Yes, the buy side role is in the same sector I have covered for the last three years. Worried about being pidgeonholed? Personally, not really. (a) because ex-financials, most sectors are really not that different once you have looked at them for a couple of months – a widget business will produce something at a cost and sell it (b) at many buy side places you will cover various sectors even if you are not technically a generalist (c) I know plenty of people who have done one sector for 3+ years and changed.

Answer to final question – quality of research becoming really important. It's a common theme, and I think there will be a big shakeout of brokers which aren't adding anything of value. I think as a junior at a BB you are still arguably in the best position to move over to the buy side, but the boutiques providing more insightful research are gaining ground very fast – especially as regulators tighten the screw in terms of clients only being allowed to pay for "substantive research".

Jul 3, 2014 - 10:56am

Following here is the post i mentioned on the 3 types of top ranked analyst:

There are 3 types of top ranked analysts:

(1) Those who are all over the detail and provide valuable insights to clients which generate alpha.
(2) Those who are awesome at the sales aspect, client entertainment, and are very visible.
(3) Those who are providing the best corporate access / putting on the best conferences in the sector (which is valued by clients despite new regulatory changes to what clients are allowed to pay for- i.e. not corporate access, but purely research. Informally, clients still pay for and value corporate access, even if not explicitly).

If you want to move to the buyside, the type of analyst you want to work under is type (1)- because then you will be picking up his knowledge and skills that will leave you in good stead when you move.

Therefore my advice is this (adding to what was said in the above post). Know what the analyst's advantages and disadvantages are. He may be top ranked, and this will always give you more visibility to the buy side all things being equal. But what is the reason for him being top ranked- is he all over the detail, and therefore are you going to pick up the tangible skills working for him that will serve you well when you move across.
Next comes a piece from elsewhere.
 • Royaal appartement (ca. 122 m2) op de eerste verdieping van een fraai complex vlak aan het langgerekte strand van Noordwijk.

One thing I would also add as an aside point to the above post, is that yes associates or people who have 2-5 years of experience will be the typical profile to leave to the buy side. However, in the last 2 years there is also a definite trend of Director-level hires at top hedge funds- this is contrary to the tradition, as once you are at this level ER is a very cushy job. However, they can be seeking a change and/or challenge - plus the potential upside can be considerably higher, with this trend likely to continue given the regulatory changes in terms of what clients are allowed to pay for. From the fund's point of view, a Director or MD-level hire can also have the advantage of them being MUCH better connected than an Associate with 7 years' less experience. Who you know is very important in this business, and having the right contracts can be a very valid way to generate alpha.

Jul 3, 2014 - 8:49am

tell us a little about your background: school, grades, internships, etc.

why the move?

why ER initially?

Are you staying with your sector on the buy side or being more of a generalist?
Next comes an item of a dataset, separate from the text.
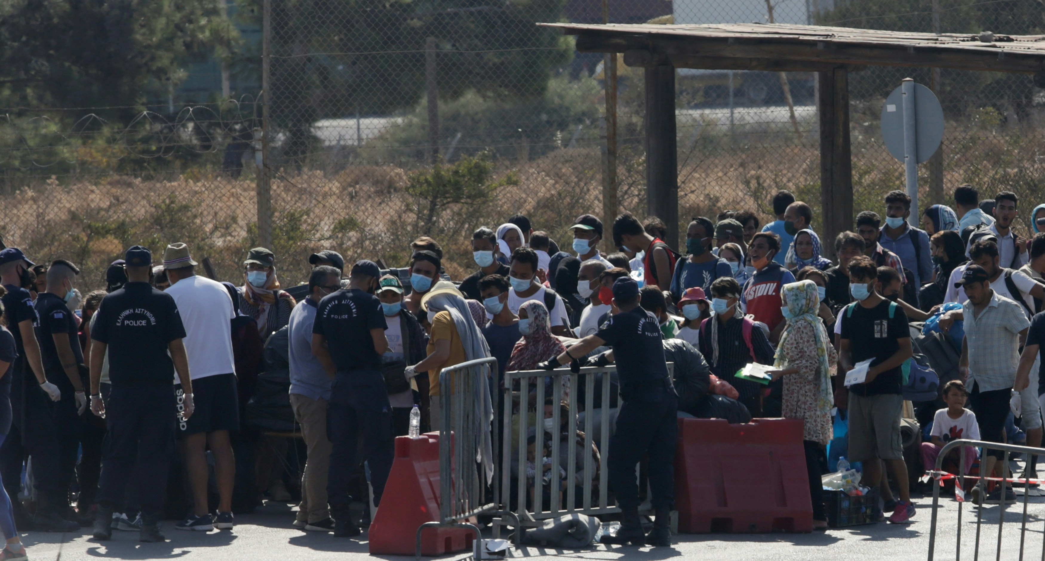 Die Polizei siedelt die Flüchtlinge um.

one thing I've always been curious about, is how new ER analysts get assigned to and then become experts in a sector. I hear about primers and all of that, but I'd be curious to see what you think.

Jul 3, 2014 - 3:43pm

I would break down the progression from the start date like this:

First three months or so: Getting to know the ropes, (a) in terms of the industry and companies in it , but (b) also your role as an ER analyst. So getting used to modelling, getting on top of the accounting, knowing what key drivers are, etc. You will help out the rest of the team mostly ad-hoc, i.e. this could be gathering data for client requests, helping write notes, and doing data analysis. Basic stuff, but essential. What is good about this (as with the rest of ER in my view) is you get out of it what you put into it. If you get your head down you can get through this stage as quickly as possible.

Next nine months: Building on the above – i.e. you now know the basics of the industry through a combination of your own reading, listening to your boss and people on your team, etc. You don't have the in-depth knowledge of the rest of your team, but you will be surprised how quickly you get up to speed on a large portion of what you need to know industry-wise. What you don't have is a sense of perspective because you have no prior experience and have nothing to compare the present moment against.

Next year: Your contact with clients will increase a lot. As per my first paragraph, how quickly you get through these stages depends on you. Could be longer, could be quicker. Your personality will have a lot to do with it- do you communicate with confidence and are you being proactive in going above and beyond what you are technically supposed to be doing. I have generally found that as long as you do what is required of you, you have quick a free reign in terms of taking on extra stuff if you can make the time to do it. If you have the initiative to spend a couple of extra hours per evening re-doing models, doing scenario analyses, constructing neat excel files that you can send to clients, creating data bases etc, that will definitely be noticed. If you can show you are a good communicator and have good rapport with clients, you will have a lot of client contact by this stage- you will have your own client base of small accounts which you will contact via email and phone, and you will also go with your boss to meetings with larger accounts – if you're lucky, after a year you could be taken on marketing trips to Europe / US.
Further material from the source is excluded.